High-end consumer recorders take advantage of the linear nature of the audio track, as the audio track could be erased and recorded without disturbing the video portion of the recorded signal. Hence, "audio dubbing" and "video dubbing", where either the audio or video are re-recorded on tape (without disturbing the other), were supported features on prosumer linear video editing-decks. Without dubbing capability, an audio or video edit could not be done in-place on master cassette, and requires the editing output be captured to another tape, incurring generational loss.
Studio film releases began to emerge with linear stereo audiotracks in 1982. From that point onward nearly every home video release by Hollywood featured a Dolby-encoded linear stereo audiotrack. However, linear stereo was never popular with equipment makers or consumers.
Tracking adjustment and index marking
Another linear control track, at the tape's lower edge, holds pulses that mark the beginning of every frame of video; these are used to fine-tune the tape speed during playback, so that the high speed rotating heads remained exactly on their helical tracks rather than somewhere between two adjacent tracks (known as "tracking"). Since good tracking depends on precise distances between the rotating drum and the fixed control/audio head reading the linear tracks, which usually varies by a couple of micrometers between machines due to manufacturing tolerances, most VCRs offer tracking adjustment, either manual or automatic, to correct such mismatches.

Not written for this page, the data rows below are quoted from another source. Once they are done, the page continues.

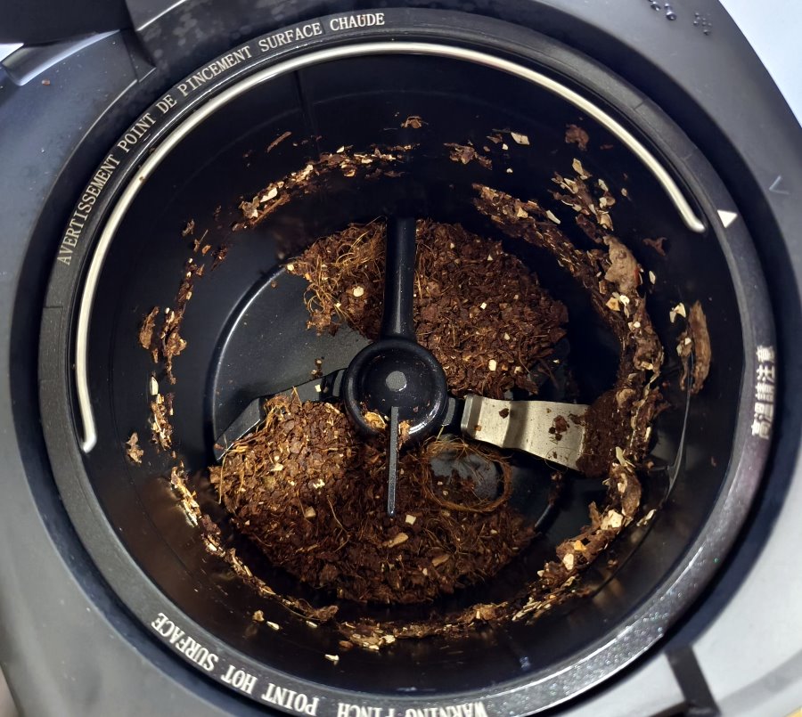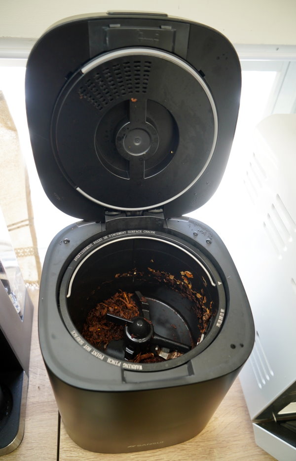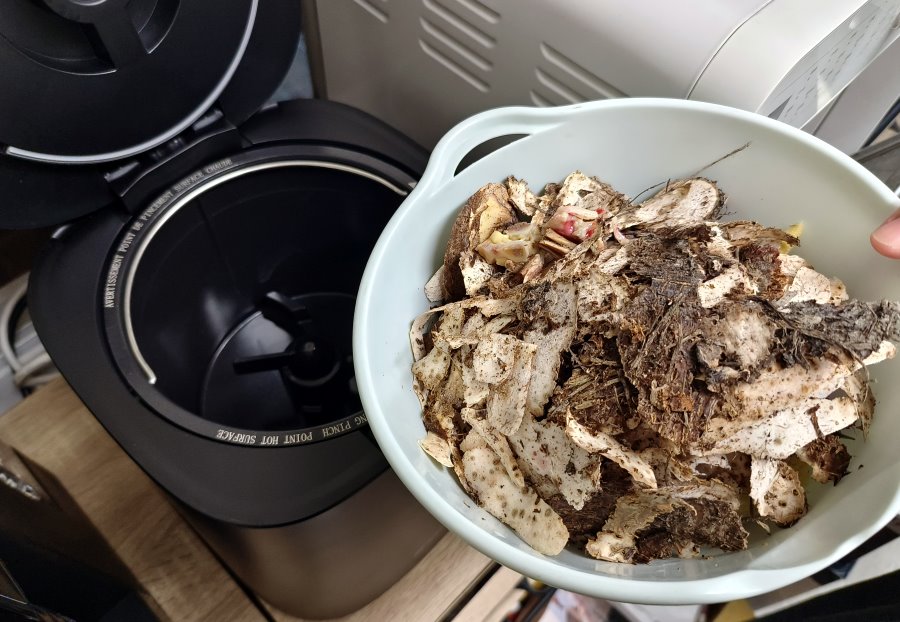 ▼SANSUI 山水廚餘機特別在於它有獨家的發酵模式,採用低溫研磨將果皮殘渣變成有營養價值的堆肥,我們剛好陽台有種一些香草植物、蔥、水果等,可以拿來施肥也不錯!首先將馬鈴薯皮、不小心放到發霉的黑木耳、花椰菜梗丟下去,依容量大小也有不同的發酵時間,這次花的時間為12小時左右,大家可以像我們一樣晚餐後開始作業,一覺醒來後就差不多完成了!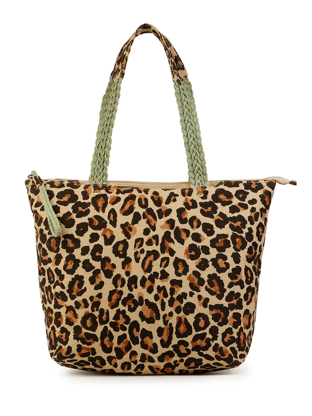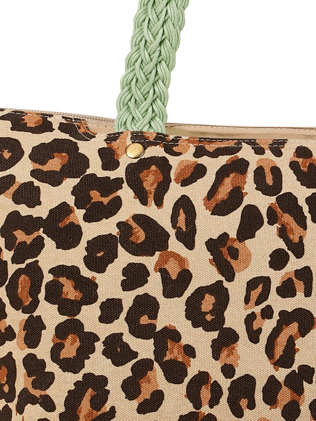 Berrylush Women Brown Leopard Printed Canvas Zipper-Up Regular Tote Bag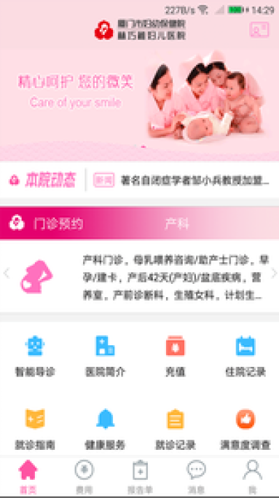 厦门妇幼app旨在医院现有服务基础上,通过预约挂号、取报告单、科室医生、智能分诊、医院导航、健康资讯、健康百科、费用查询等多种简化患者就医流程功能,减少就医等候时间,改善患者就医体验,提高医疗服务质量。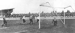 As they played on public parkland, the club could not charge admission fees and, while the number of spectators grew to a few thousand, it yielded no gate receipts. In 1888, the club rented a pitch between numbers 69 and 75 Northumberland Park[77] at a cost of £17 per annum, where spectators were charged 3d a game, raised to 6d for cup ties.[78] The first game at the Park was played on 13 October 1888, a reserve match that yielded gate receipts of 17 shillings. The first stand with just over 100 seats and changing rooms underneath was built at the ground for the 1894–95 season at a cost of £60. However, the stand was blown down a few weeks later and had to be repaired.[79] In April 1898, 14,000 fans turned up to watch Spurs play Woolwich Arsenal. Spectators climbed on the roof of the refreshment stand for a better view of the match. The stand collapsed, causing a few injuries. As Northumberland Park could no longer cope with the larger crowds, Spurs looked for a larger ground and moved to the White Hart Lane site in 1899.[80]
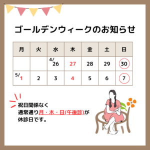 ゴールデンウィークでも祝日関係なく通常通り月・木・日(午後診)が休診です🎏
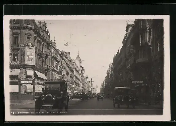 AK Buenos Aires, Avenida de Mayo, Autoverkehr im Zentrum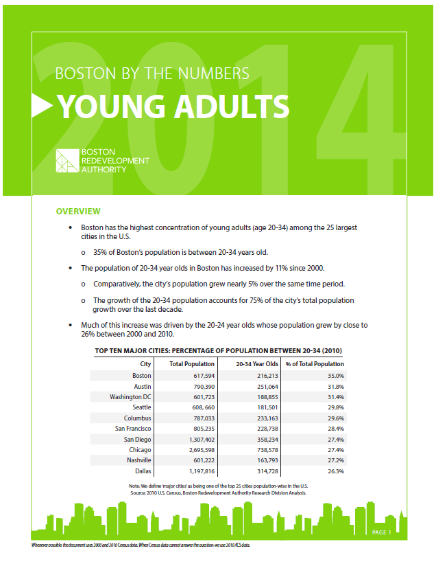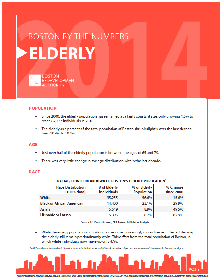 Boston by the Numbers is a series created by the Research Division that highlights the characteristics of Boston's population and economy. The data in this report is a combination of Decennial Census and 2006-2010 American Community Survey data. This report has been revised to use the boundaries for the West End and Downtown that went into effect in 2014.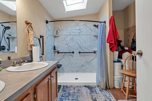 - Custom Cabinets, Double Sink, Pantry, Shower Enclosure, Tub/Shower Enclosure, Walk-In Closet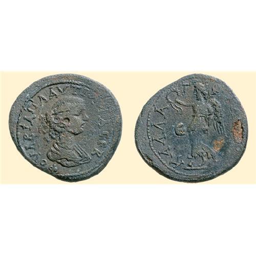 Plautilla, wife of Caracalla, 202-205 AD. 5 Assaria (11.68 g). FOULBIA PLAUTILLA CEB, draped bust of Plautilla right / KALLA-T-IANWN, Victory left, with palm and wreath. AMNG I/1, - ; BMC -.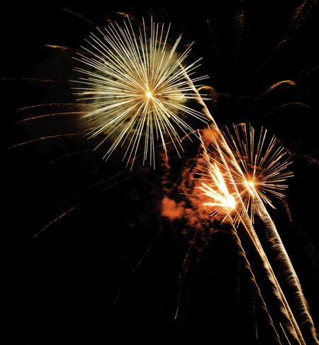 Bright bursts of fireworks with rocket trails and reddish and greenish puffs of smoke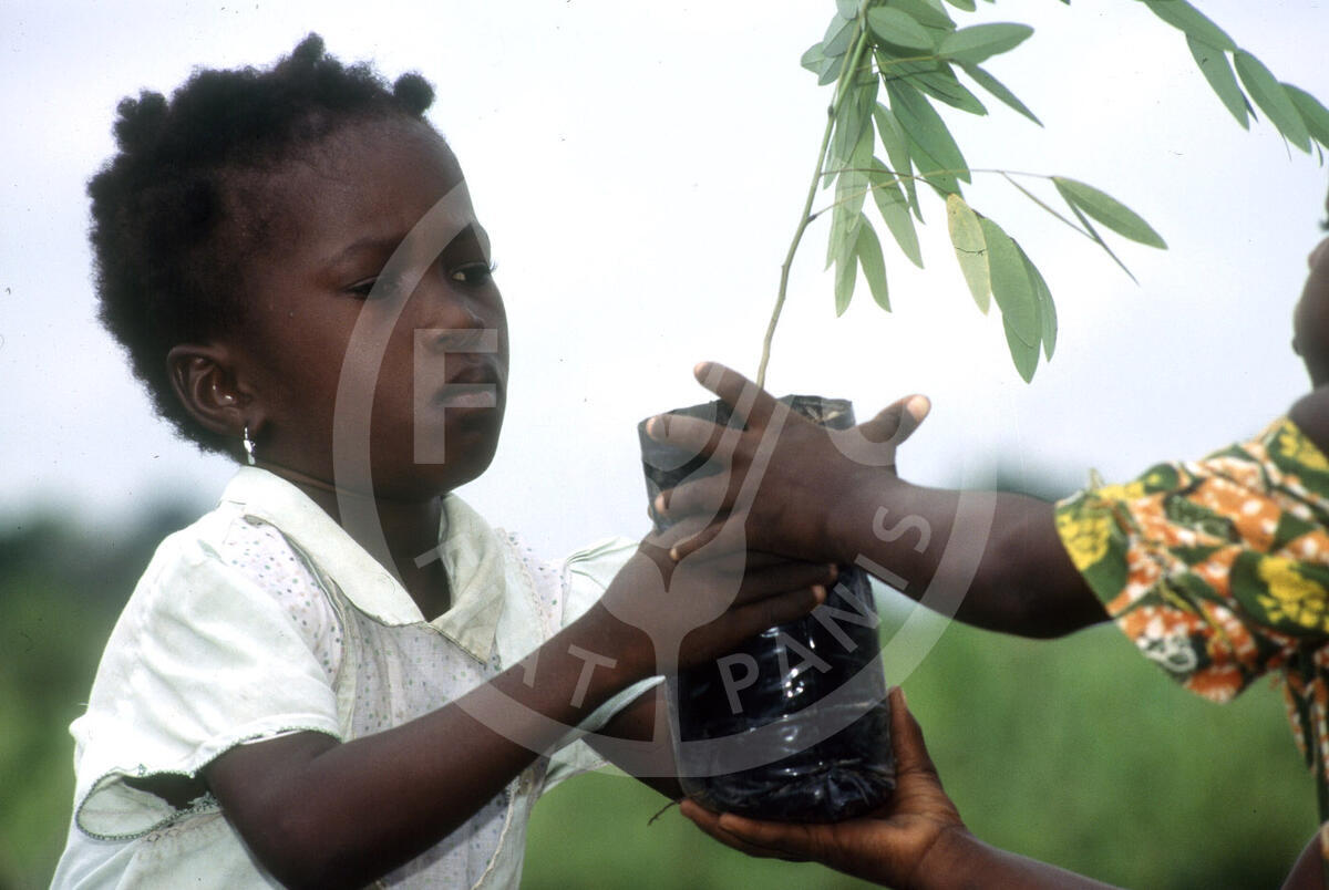 Exact date unknown. Ghana. Village children involved in tree planting. - - Integrated Development of Artisanal Fisheries: IDAF/GHA/93/008. The project aims at improving the working and living conditions of over 75,000 inhabitants in Yeji sector of Lake Volta, through the construction of a Community Fisheries Centre (CFC) with facilities for fish landing, handling, processing and marketing, a
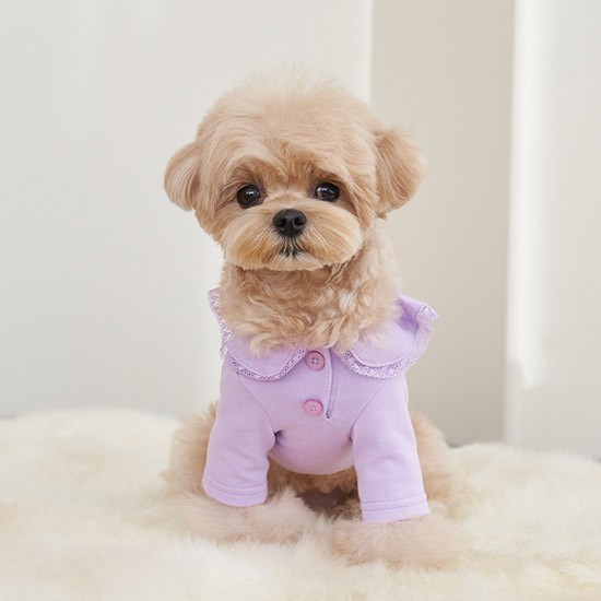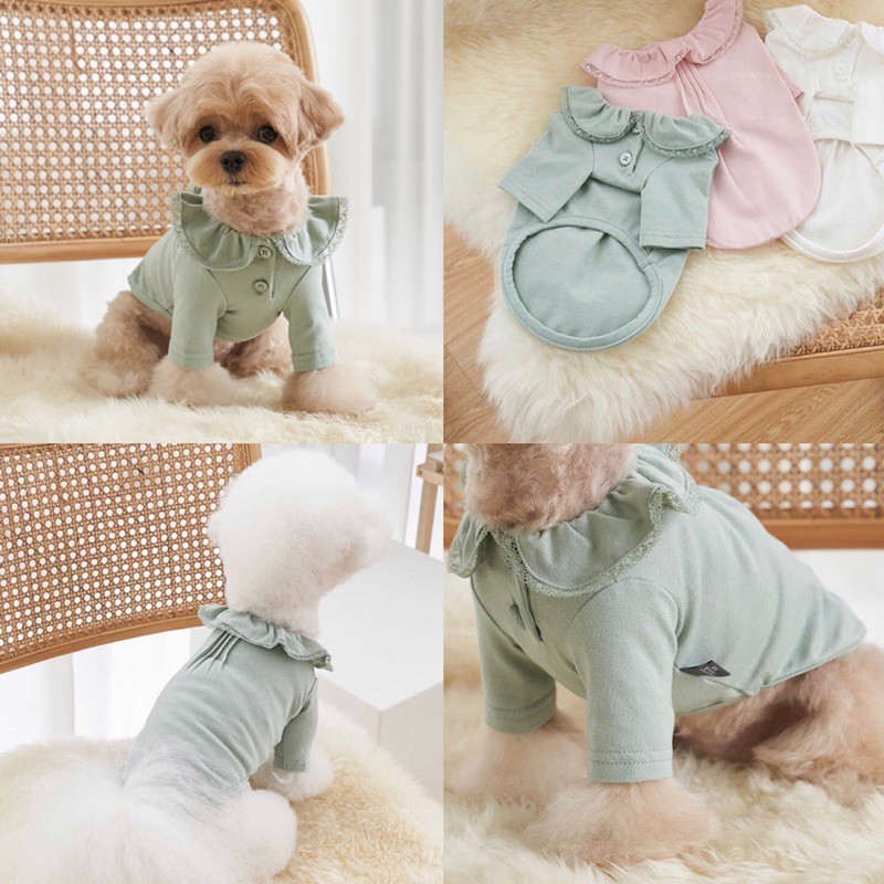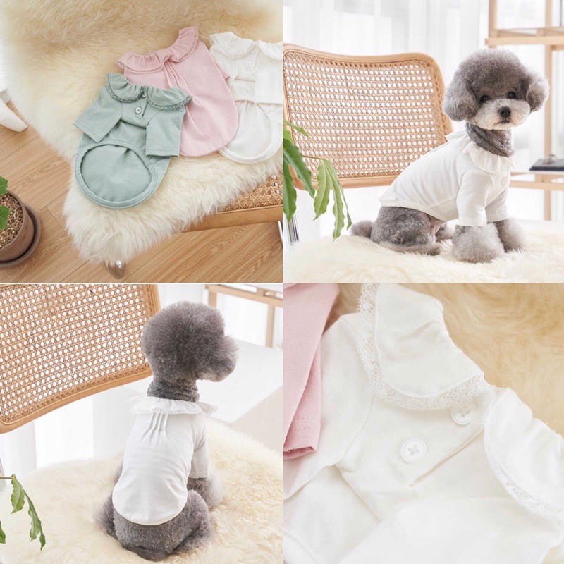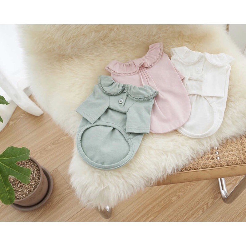 藍色尾巴-領蕾絲邊棉T-韓國it’s 寵物衣服 寵物服飾 狗狗衣服 狗狗洋裝
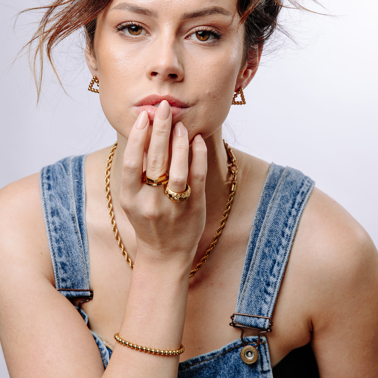 We choose to make all our jewellery with you in mind. So our care advice is, to look after yourself. You go for a swim, you go to the gym, you get sweaty, you go to sleep, you apply cosmetics and creams. You wear any of our pieces whenever you like, for as long as you like to whatever you like.
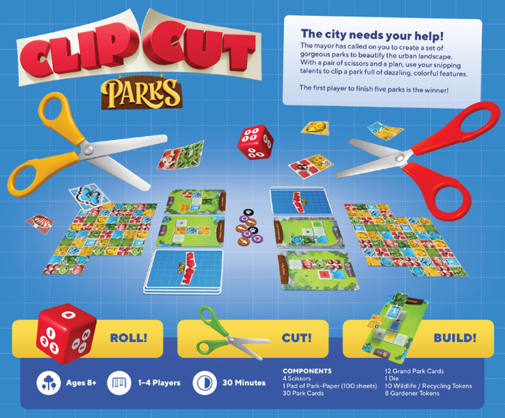 La ville a besoin de votre aide! Le maire vous a demandé de créer un ensemble de superbes parcs verdoyants pour embellir le paysage urbain. Avec une paire de ciseaux et un plan, utilisez vos talents de coupeur pour découper un parc rempli de caractéristiques multicolores éblouissantes. Le premier joueur à compléter cinq cartes de parc gagne!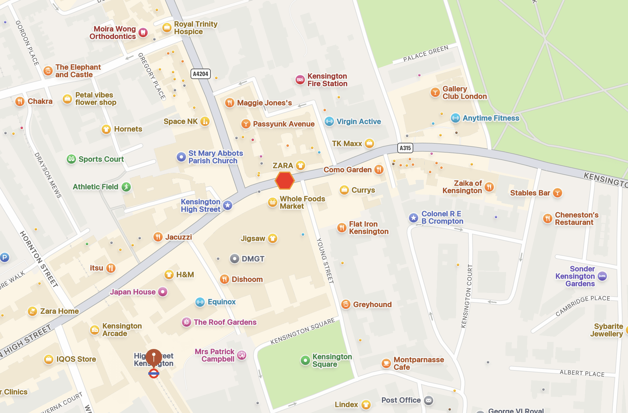 Location of the accident in Kensington W8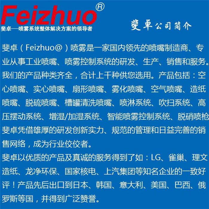 脱硝喷枪的更多选型资料及详细信息,请您联系上海斐卓喷雾系统公司索取!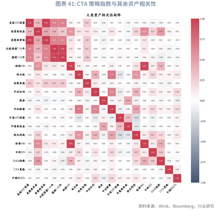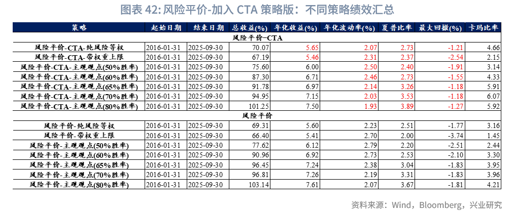 从相关性分析结果来看,CTA策略指数与多数资产呈负相关或低相关关系,其中与该指数相关性最高的资产为中国REITs,相关系数也仅为0.08。从组合表现来看,加入CTA策略后,组合波动显著降低,同时获得更高的夏普比率。与未加入CTA策略的基准组相比,在所有胜率场景下,加入CTA的风险平价模型波动率、最大回撤均有所下降,且夏普比率明显提升,这表明加入CTA策略在未显著牺牲收益的前提下,有效降低了组合波动。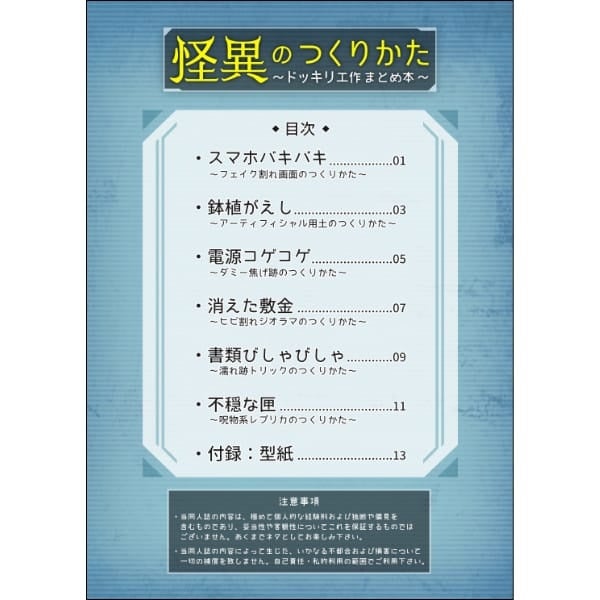 「怪異のつくりかた 〜ドッキリ工作まとめ本〜」は、日常の素材を活用しながら、仕掛け人も驚くような工作アイデアを豊富に紹介する同人誌です。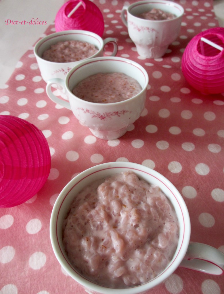 Les framboises donnent une touche girly à ce riz au lait. Original. Belle journée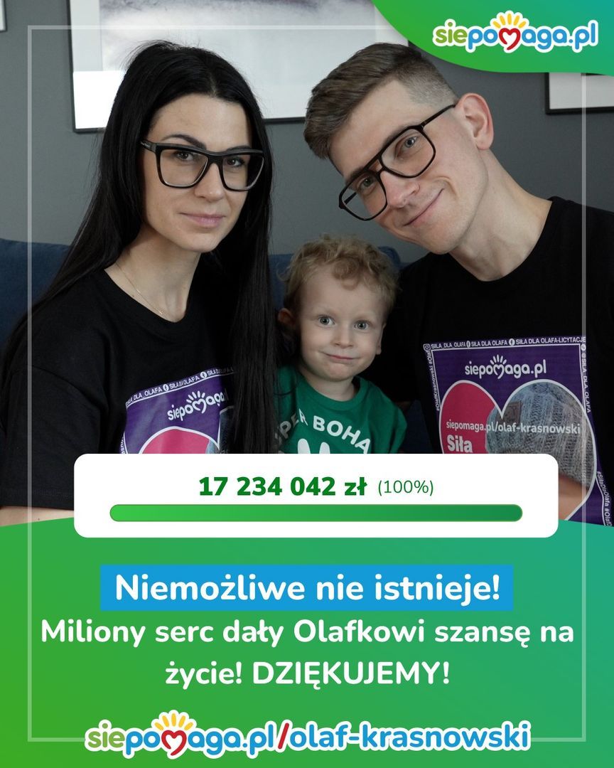 – Gdy na pasku zbiórki pojawiło się upragnione 100%, nasze serca przepełniły wzruszenie i wdzięczność - napisali rodzice Olafka. To wszystko wydarzyło się dzięki pomocy dobrych ludzi i wierze, że razem możemy dokonać niemożliwego. Olafek dostał szansę, na którą każde dziecko zasługuje – szansę na zdrowie, na życie, na przyszłość.

The control track is also used to hold index marks, which were normally written at the beginning of each recording session, and can be found using the VCR's index search function: this will fast-wind forward or backward to the nth specified index mark, and resume playback from there. At times, higher-end VCRs provided functions for the user to manually add and remove these marks — so that, for example, they coincide with the actual start of the television program — but this feature later became hard to find.
By the late 1990s, some high-end VCRs offered more sophisticated indexing. For example, Panasonic's Tape Library system assigned an ID number to each cassette, and logged recording information (channel, date, time and optional program title entered by the user) both on the cassette and in the VCR's memory for up to 900 recordings (600 with titles).
Hi-Fi audio system
Around 1984, JVC added Hi-Fi audio to VHS (model HR-D725U, in response to Betamax's introduction of Beta Hi-Fi.) Both VHS Hi-Fi and Betamax Hi-Fi delivered flat full-range frequency response (20 Hz to 20 kHz), excellent 70 dB signal-to-noise ratio (in consumer space, second only to the compact disc), dynamic range of 90 dB, and professional audio-grade channel separation (more than 70 dB). VHS Hi-Fi audio is achieved by using audio frequency modulation (AFM), modulating the two stereo channels (L, R) on two different frequency-modulated carriers and embedding the combined modulated audio signal pair into the video signal. To avoid crosstalk and interference from the primary video carrier, VHS's implementation of AFM relied on a form of magnetic recording called depth multiplexing. The modulated audio carrier pair was placed in the hitherto-unused frequency range between the luminance and the color carrier (below 1.6 MHz), and recorded first. Subsequently, the video head erases and re-records the video signal (combined luminance and color signal) over the same tape surface, but the video signal's higher center frequency results in a shallower magnetization of the tape, allowing both the video and residual AFM audio signal to coexist on tape. (PAL versions of Beta Hi-Fi use this same technique). During playback, VHS Hi-Fi recovers the depth-recorded AFM signal by subtracting the audio head's signal (which contains the AFM signal contaminated by a weak image of the video signal) from the video head's signal (which contains only the video signal), then demodulates the left and right audio channels from their respective frequency carriers. The end result of the complex process was audio of high fidelity, which was uniformly solid across all tape-speeds (EP, LP or SP.) Since JVC had gone through the complexity of ensuring Hi-Fi's backward compatibility with non-Hi-Fi VCRs, virtually all studio home video releases produced after this time contained Hi-Fi audio tracks, in addition to the linear audio track. Under normal circumstances, all Hi-Fi VHS VCRs will record Hi-Fi and linear audio simultaneously to ensure compatibility with VCRs without Hi-Fi playback, though only early high-end Hi-Fi machines provided linear stereo compatibility.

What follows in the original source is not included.